Baltit Fort is located in Hunza District, Gilgit Baltistan, Pakistan. This hilltop fort was built some 650 years ago when the royal family of Hunza split and the foundational throne moved from Altit fort to Baltit fort.
In the 10th century, when the prince here married the princess of Baltistan. So she brought Balti craftsmen and artisans with her to renovate the fort and the current shape of this fort is due to the then Balti artisans.
In 1945, Mirihanza left this fort and built another fort-like house down the mountain and moved there. After which this fort became deserted and terrorized place. Gradually, the condition of this fort began to deteriorate and the fears of its collapse increased. Then with the collaboration of the Aga Khan Trust and the “Royal Geographical Society” of London, its repair work started, which ended in 1996. And then the fort converted into a museum run by the Baltit Trust.
Baltit Fort is also somewhat similar to Altit Fort. Its doors and windows are beautiful designs. Going up the stairs is a hall with doors to three rooms. One room has utensils and a beautiful red carpet, while the other is the kitchen, which has all kinds of utensils and unique items. Skins of mountain goats and feathers of birds are also on display. Therefore, it is a full reflection of the culture of Hunza Valley.
There is a beautiful throne of the Emirs of Hunza state in a niche decorated with woodwork. Along with this, the frame and horns of the Markhor are mounted on the wooden wall for display. All the upstairs rooms are part of the museum. Where in the first room, the photos of Hunza governors, costumes, Hunza flag, shields and swords are on display.

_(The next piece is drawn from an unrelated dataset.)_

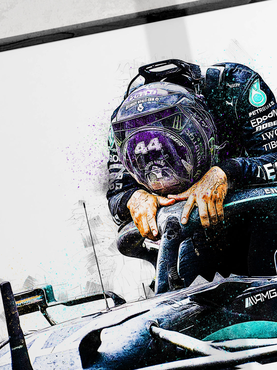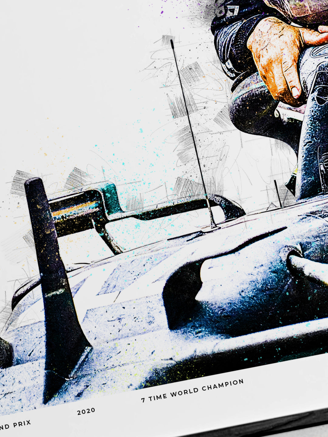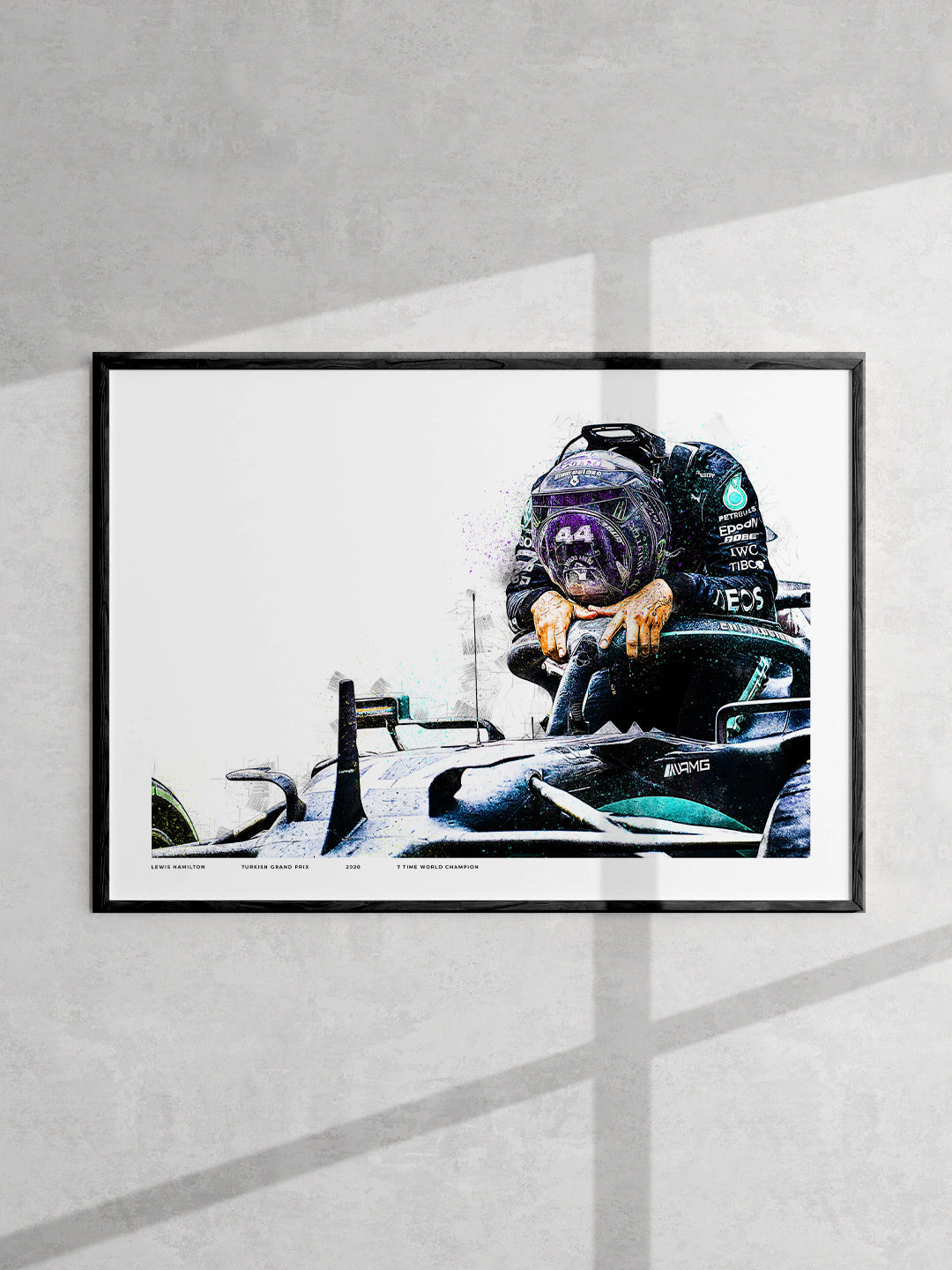 This print blends sketch-work textures, layered splashes, and raw detail to bring the emotion of Turkey 2020 straight onto your wall. A must-have for any Hamilton fan and a defining chapter of modern F1.
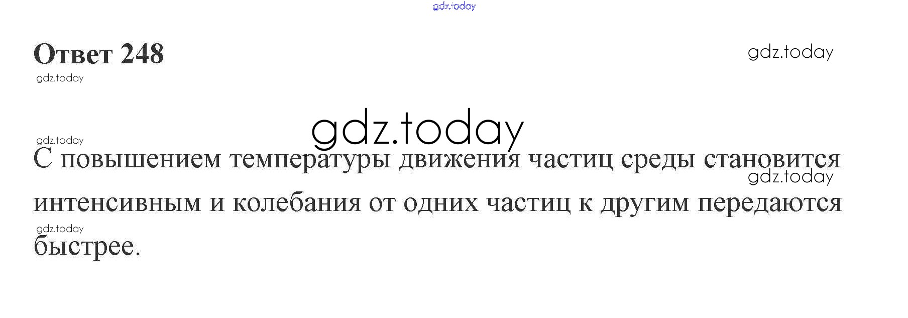 На страницах сайта gdz.today вы найдете учебный и вспомогательный материал, направленный на улучшения знаний школьной программы. ГДЗ - онлайн мир знаний Звуковые волны Звуковые явления 248 Рабочей тетради по Физике для 7 класса Пурышева, Важеевская Дрофа 2018

The next room is decorated with a beautiful Kashmiri-style ceiling. And there are Kashmiri carpets of Mir Muhammad Kaleem Khan’s era, copper vessels and copies of trade agreements between the state of Hunza and China written in Chinese and Shina languages. The next room is beautified with Meeran-e-Hunza’s family photos, armchairs, clocks and old telephones. Beyond that is the kitchen where small utensils and a cute baby cot are on display.
The last room highlights the culture of the region. Which is adorned with regional instruments such as Dhol, Rubab and Tambuk on one side of the wall. This room is decorated with red, yellow, blue, and green glass windows on the other side. Old Chinese notes of the 1920s are also displayed here. While on another wall hangs a 1900s Xinjiang (China) carpet. From here the stairs take you down to the place where Hunza’s famous ‘Zilzila Boos‘ cannon is placed.
The people of Hunza provided copper vessels and coal for this cannon and they used it against the British in 1891. After the British army conquered the states of Gilgit and Hunza. This cannon then placed outside the office of the British Political Agent of Gilgit Agency. It remained there even after the formation of Pakistan when handed over to the Baltit Fort Trust in June 1999.